Hm... I think the man should pay for the first couple dates, even (maybe especially) if the girl asks him out, but after the second or third, the woman should at least *offer.*
Aside from being a nice gesture on the part of the guy to pay in the "courting" period, it maybe also provides a good social structure to help answer the ever-pressing question of "Is this a date?"
Once when I was 17 and had never been on a date before, a friend of mine who was both a coworker and a classmate at my college asked me if I wanted to meet to work on a class project and then get dinner. I said yes, the idea that he was asking me out never even crossing my mind. Then somewhere in the middle of dinner, something (I don't remember what now) tipped me off that this was a date, and I didn't mean for it to be a date. Maybe if I had realized it was a date, I still would have said yes, but since I hadn't had time to think about it, I was a little flustered. When the waiter came to clear our plates, I asked for the check to be split in two, hoping to send the message to my friend that I had not considered it a date, though he still insisted on paying for my drink.
I don't really know if that really helped to clarify anything, especially because I still never know if I should count that as my "first date," since in all other ways, it certainly looks like it was, in retrospect. But the story seemed relevant.
Anyway, once you're "in a relationship," i.e., past the courting point, I think dates should be shared.
Oh, another reason I think that past a certain point, women should pay is that this sentence:
"I feel rather guilty now about the many dinners I ate at the expense of others, and now rather wish I hadn't, but had stayed in with a book or done more homework."
...seems to go against the "IT'S JUST COFFEE" mantra we use to keep us from stressing out over accepting dates from men we're not totally sure about, but maybe I like him, but then maybe not and what if I let him take me out, and what if he takes me out to a fancy restaurant, then I will just feel too guilty not to say yes to a second date, or return his phone calls but maybe I won't want to say yes to a second date, so maybe I just shouldn't go out with him at all if I'll just regret it later on and aaaahhhh!
I would feel better knowing that if the first date-- which he pays for-- goes well and I want to go on more dates with him, I will have the chance to reciprocate.
Seraphic, I guess I wasn't clear enough. I meant the over-30 crowd of men, not the young things still in college or graduate school or whatever.
I personally do not want to be a career housewife who never works for paid income, but I have several friends who are. They were married young (under 22), and have happily stayed home with their (growing number of) babies for the last decade, despite living on a shoestring budget from only one income. I suppose when the children all go to college, they will find some sort of work, although they themselves have certainly not figured out exactly what.
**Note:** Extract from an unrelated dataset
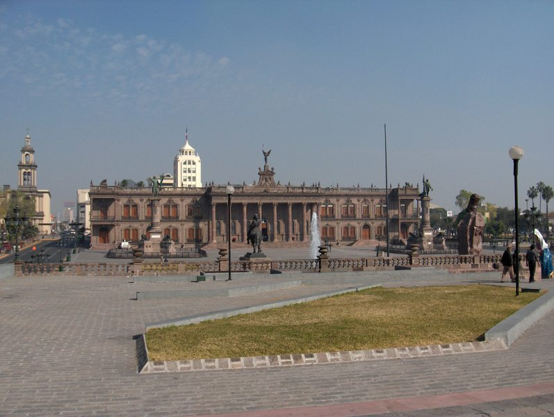 Heroes' Esplanade in "Macroplaza" Monterrey Mexico.
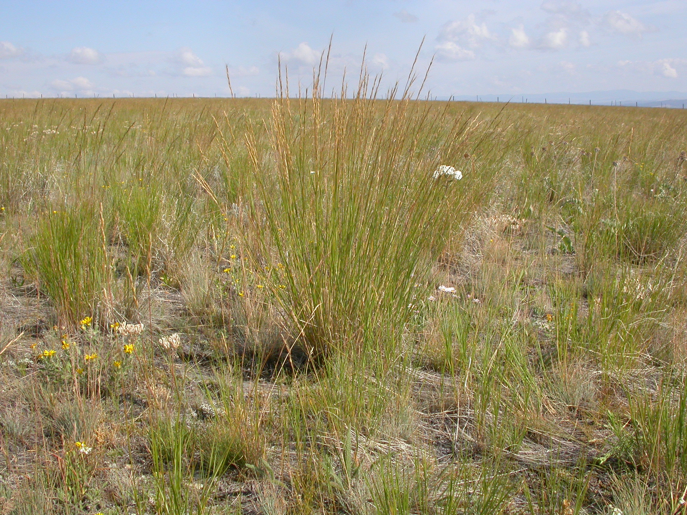 Bluebunch wheatgrass is typically the tallest and most loosely bunched of the most abundant bunchgrasses in steppe vegetation of Montana (e.g., compared to prairie jungrass and Idaho fescue).

Their husbands have never pressured them to take paid work, though they would support them in doing so.
Their husbands also did not make much money (at all) before marriage, and yet I know that these women never paid for a date. (Although of course they made dinner sometimes, etc.)
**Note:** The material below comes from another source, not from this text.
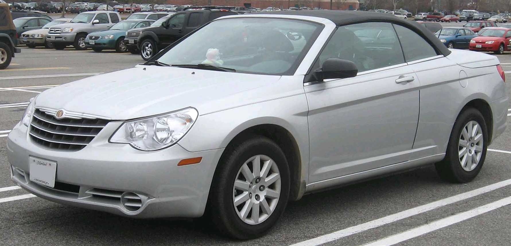 2008 Chrysler Sebring photographed in Waldorf, Maryland, USA.

All I am trying to say is that no woman I know expects 5-star restaurants, but neither are they of the "going dutch" school on the first few dates. And if a man over 30 does not have the wherewithall to take a woman for coffee... well, as you said, he "is not in a position to marry, either because he is too poor or because his priorities are not grown-up priorities yet."
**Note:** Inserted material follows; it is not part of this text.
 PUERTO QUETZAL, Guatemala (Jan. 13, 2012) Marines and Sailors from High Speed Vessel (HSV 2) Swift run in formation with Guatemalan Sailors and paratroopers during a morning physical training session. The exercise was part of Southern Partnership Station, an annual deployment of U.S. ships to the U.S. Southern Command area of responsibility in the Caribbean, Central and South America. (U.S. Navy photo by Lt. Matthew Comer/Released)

The under 25 crowd has a different set of concerns.
all very good things - and I'm fine with a cheaper place for dinner, etc... I think also if a woman feels uncomfortable about always being paid for, she may be able to show her appreciation and "even up" a bit in ways that are appropriate. For example, I'd consider packing a nice picnic - more than sandwiches, or a baked good, or if I saw a book (normal priced - not $30+) I thought the fellow'd like maybe get it. Those are all affordable options that show appreciation and thoughtfulness without being "I'm paying my tab" as to disrespect someone's generosity. What do you think about that, Seraphic?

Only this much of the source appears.